Maintaining this harmony or homeostasis includes, as mentioned, the immune system; through the activation of CB1 and CB2 receptors found in a wide variety of cells. This system interacts with its endogenous ligands such as anandamide and 2-AG and they are analogous to the phytocannabinoids found in the Cannabis sativa plant. In this way phytocannabinoids are related to the regulation of homeostasis in the organism, as well as; interaction with systems like the immune system and is completely as beneficial for the body as an endogenous cannabinoid is.
In the nervous system, ES through molecules such as anandamide or 2-AG acts as a negative feedback system that regulates the release of other neurotransmitters, mainly γ-aminobutyric acid (GABA), dopamine and, glutamate. The ES releases its endogenous cannabinoids to restore balance and repair alterations, sometimes when it cannot do it alone; phytocannabinoids can be used to restore and improve signaling pathways.
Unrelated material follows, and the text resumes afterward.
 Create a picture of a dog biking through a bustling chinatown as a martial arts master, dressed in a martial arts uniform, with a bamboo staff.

More than 400 known phytocannabinoids have been reported and more than 100 have been studied. Among them you can find tetrahydrocannabinol (THC) that has psychoactive effects and also antiemetic, analgesic, anti-inflammatory, relaxing and bronchodilator properties; cannabichromene (CBC), which is anti-inflammatory and analgesic, cannabidiol (CBD), which has become popular for not being psychoactive and having various properties known as anti-inflammatory, analgesic, neuroprotective, anxiolytic, among others; cannabigerol or CBG which is a precursor to other cannabinoids and has anxiolytic, neuroprotective, analgesic, antibacterial, and more properties. Several of these phytocannabinoids have been studied at the preclinical level and their antitumor action has been demonstrated, which can be very useful in the treatment of pathologies as serious as cancer. CB2 receptor agonists do not cause psychoactive effects, which has made it increasingly a research target in the therapeutic applications of cannabinoids, such as using them as an analgesic, anti-inflammatory, antineoplastic, among others.
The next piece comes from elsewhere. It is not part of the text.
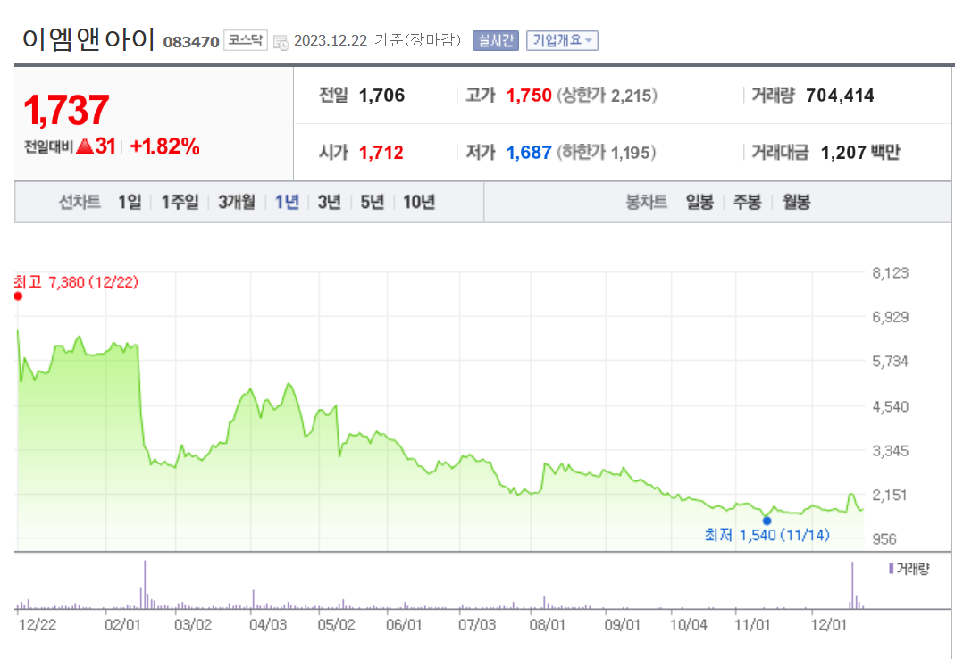 [데일리한국 김병탁 기자] 이엠앤아이가 최근 2차전지에 이어 초전도체 테마주로 주목받으며 주가가 크게 요동치고 있다. 하지만 아직까지 관련 실적은 전무하며, 시설 투자 역시 자금조달의 어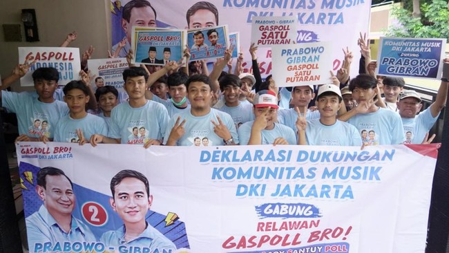 Komunitas Musik Jakarta ikut berkomitmen memenangkan Prabowo Subianto dan Gibran Rakabuming dalam satu putaran. Komunitas Musik Jakarta lantas bergabung bersama relawan Gaspoll Bro.

Among these properties, a great variety are related to cells of the immune system. There is multiple evidence of the therapeutic use of cannabinoids; for example, cannabidiol (CBD) has a wide range of therapeutic uses, among which there is evidence in the processes of maintaining homeostatic balance through its anxiolytic, anti-inflammatory and analgesic properties, as well as other cannabinoids. On the other hand, THC is that compound with a great taboo for its psychoactive properties that for some are pleasant and for others not so much. It also exerts its action by binding to the receptors of cells of the immune system and can participate in the regulation of balance and homeostasis in the body and protect for example against damage caused by autoimmune attacks slowing down the production of hyperactive T cells and preventing disturbance of the immune system.
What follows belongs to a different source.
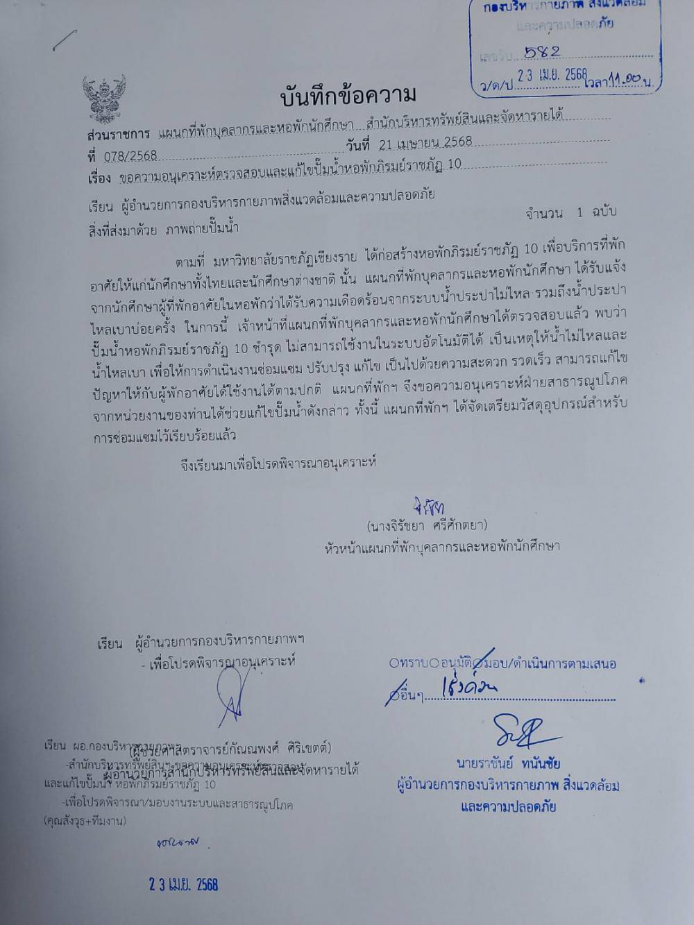 จัดการทรัพย์สิน-หอพัก แก้ไขปั๊มน้ำหอพักภิรมย์ราชภัฏ 10 และทางหน่วยงานได้ทำการจัดเตรียมวัสดุอุปกรณ์สำหรับการซ่อมแซมไว้เรียบร้อยแล้ว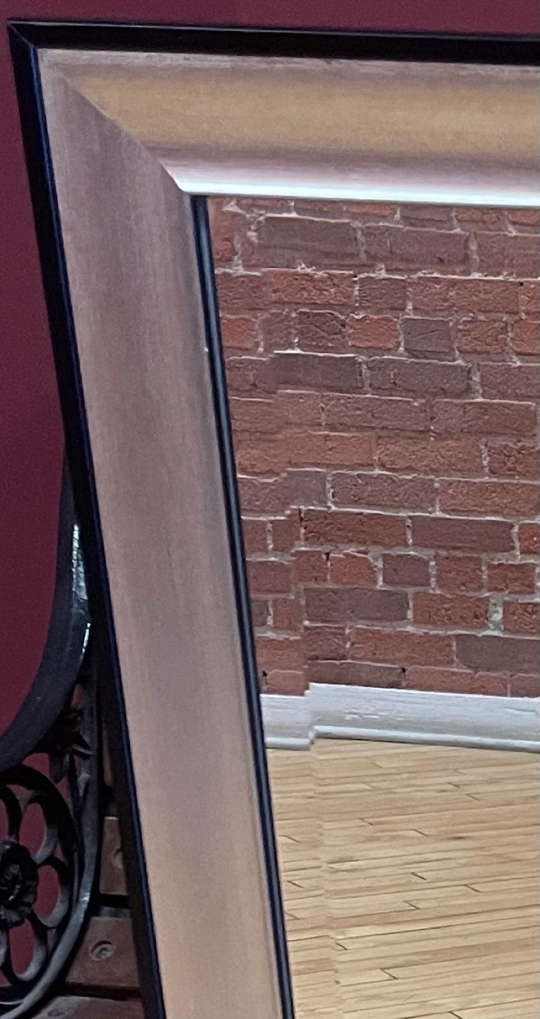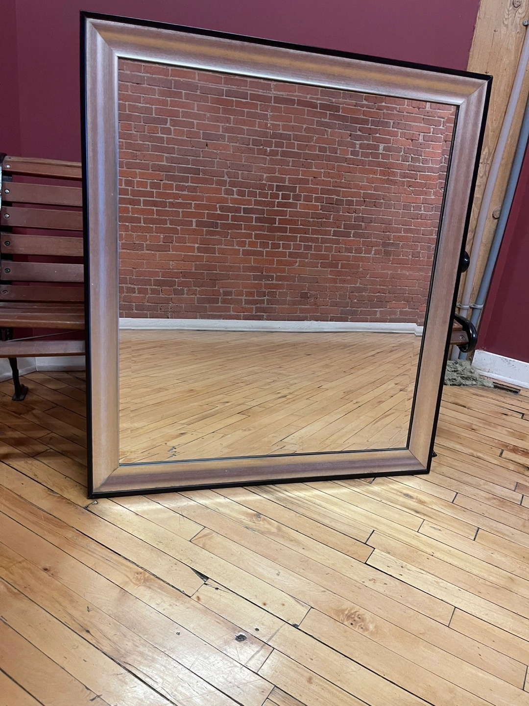 Elegant rectangular mirror. Features a wide frame, beveled edge, a black outer edge and a brushed silver frame. 40x36, and has mounts to hang mirror either way. Perfect for a bedroom, living room, or entryway. Good condition.

The lymphocytes T Helper (Th) are involved in the activation and direction of other cells of the immune system, and are particularly important in the adaptive immune response in the interaction and activation of the system. There is a bias on the part of cannabinoids in the interaction with this type of cells and this involves both types of CB1 and CB2 receptors. For example in the presence of THC the gamma interferon (IFN-γ) and proinflammatory interleukins such as IL12 decrease (the Th1 cells activate macrophages and other antigen presenting cells, if this mechanism is not regulated it can become counterproductive) while other anti-inflammatory cytokines such as IL4 can increase. It is here where the immunosuppression of certain reactions can benefit the body by regulating and avoiding the imbalance in the system.
There is multiple evidence of how cannabis compounds such as THC participate actively and directly in the harmonization, health and balance of our body through the interaction of phytocannabinoids with natural receptors, working similar to endogenous cannabinoids.